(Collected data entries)
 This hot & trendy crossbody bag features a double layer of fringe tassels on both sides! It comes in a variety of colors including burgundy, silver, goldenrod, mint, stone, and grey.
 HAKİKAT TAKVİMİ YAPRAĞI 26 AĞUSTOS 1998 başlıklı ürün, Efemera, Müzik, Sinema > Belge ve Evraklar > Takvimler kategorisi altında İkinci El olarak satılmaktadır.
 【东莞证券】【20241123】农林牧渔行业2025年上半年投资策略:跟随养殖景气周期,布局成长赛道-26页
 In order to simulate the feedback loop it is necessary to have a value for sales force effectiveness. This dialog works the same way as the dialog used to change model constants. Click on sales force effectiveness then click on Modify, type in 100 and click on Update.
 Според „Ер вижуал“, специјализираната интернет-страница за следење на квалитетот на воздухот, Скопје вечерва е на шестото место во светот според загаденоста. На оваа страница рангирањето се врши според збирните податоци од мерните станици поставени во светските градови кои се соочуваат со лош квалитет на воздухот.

--

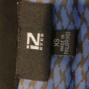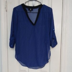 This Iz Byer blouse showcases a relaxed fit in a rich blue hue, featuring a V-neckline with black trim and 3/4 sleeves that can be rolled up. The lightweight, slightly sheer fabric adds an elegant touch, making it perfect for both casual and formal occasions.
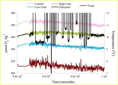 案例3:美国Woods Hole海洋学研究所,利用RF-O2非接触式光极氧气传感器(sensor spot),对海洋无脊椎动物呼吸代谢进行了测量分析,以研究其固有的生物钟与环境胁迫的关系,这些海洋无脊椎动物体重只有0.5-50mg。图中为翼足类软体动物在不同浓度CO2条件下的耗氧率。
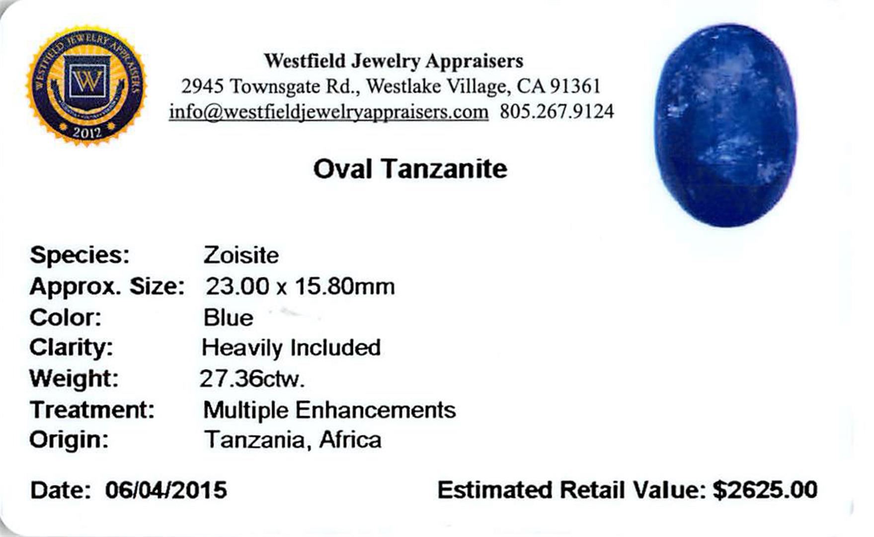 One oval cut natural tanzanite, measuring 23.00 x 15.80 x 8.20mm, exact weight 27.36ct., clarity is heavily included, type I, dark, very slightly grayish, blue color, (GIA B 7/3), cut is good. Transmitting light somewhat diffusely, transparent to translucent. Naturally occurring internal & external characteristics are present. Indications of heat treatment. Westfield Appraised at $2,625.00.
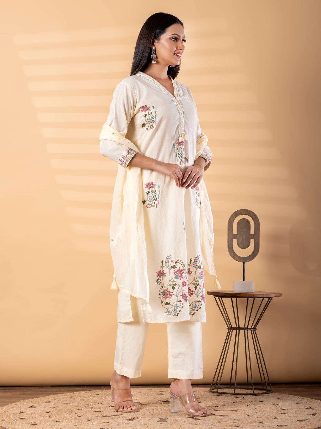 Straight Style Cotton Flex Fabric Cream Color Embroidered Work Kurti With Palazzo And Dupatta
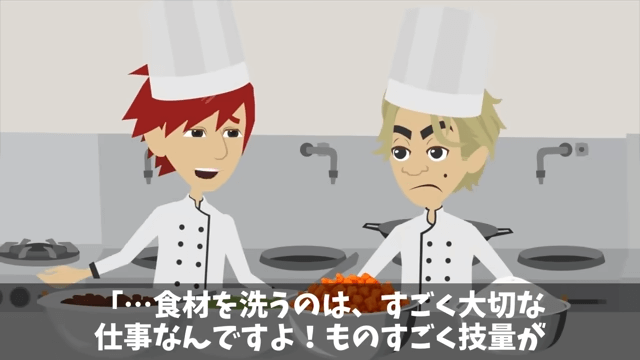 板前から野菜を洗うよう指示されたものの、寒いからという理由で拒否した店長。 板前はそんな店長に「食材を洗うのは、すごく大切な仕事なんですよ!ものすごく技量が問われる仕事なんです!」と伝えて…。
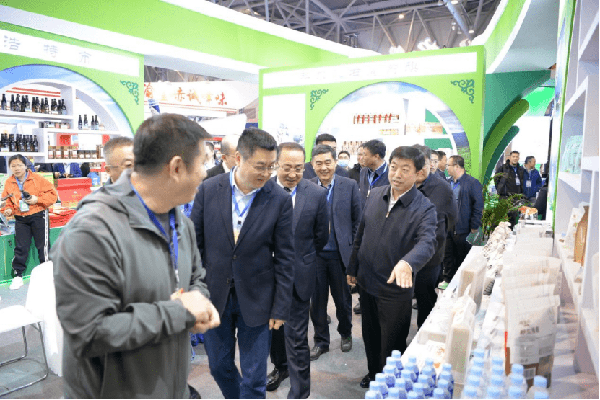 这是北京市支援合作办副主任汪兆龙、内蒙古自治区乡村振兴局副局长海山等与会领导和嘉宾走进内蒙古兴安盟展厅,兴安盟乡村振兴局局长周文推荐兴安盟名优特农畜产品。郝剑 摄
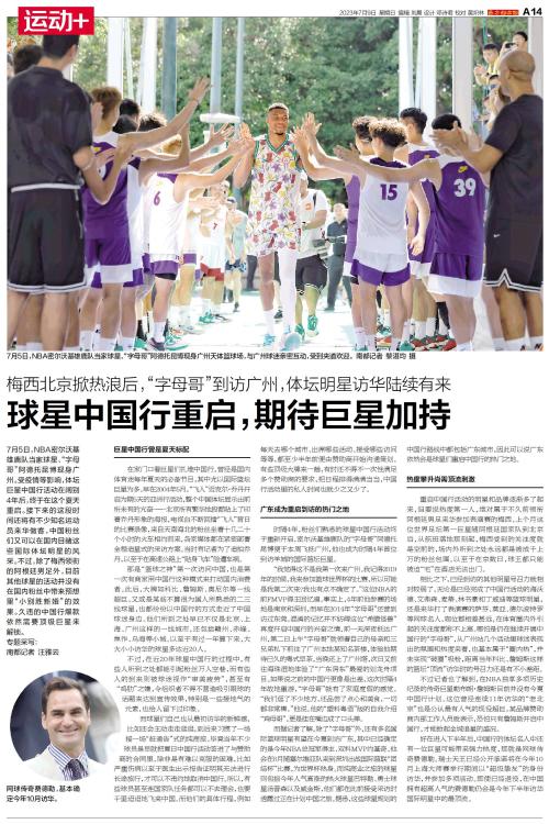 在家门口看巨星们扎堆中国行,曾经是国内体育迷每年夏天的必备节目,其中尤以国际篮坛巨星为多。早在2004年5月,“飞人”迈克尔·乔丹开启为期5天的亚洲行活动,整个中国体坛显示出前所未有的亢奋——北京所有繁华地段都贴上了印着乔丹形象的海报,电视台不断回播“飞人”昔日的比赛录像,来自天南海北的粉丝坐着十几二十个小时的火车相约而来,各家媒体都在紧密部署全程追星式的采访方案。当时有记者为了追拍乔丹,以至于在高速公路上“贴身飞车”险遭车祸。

(AIM OF THE TASK)
The copy should hold exactly the lines above from the one with "Straight Style Cotton" through the one with "这是北京市支援合作办副主任汪", both ends counted, and no pictures at all.

(REPLY)
 Straight Style Cotton Flex Fabric Cream Color Embroidered Work Kurti With Palazzo And Dupatta
 板前から野菜を洗うよう指示されたものの、寒いからという理由で拒否した店長。 板前はそんな店長に「食材を洗うのは、すごく大切な仕事なんですよ!ものすごく技量が問われる仕事なんです!」と伝えて…。
 这是北京市支援合作办副主任汪兆龙、内蒙古自治区乡村振兴局副局长海山等与会领导和嘉宾走进内蒙古兴安盟展厅,兴安盟乡村振兴局局长周文推荐兴安盟名优特农畜产品。郝剑 摄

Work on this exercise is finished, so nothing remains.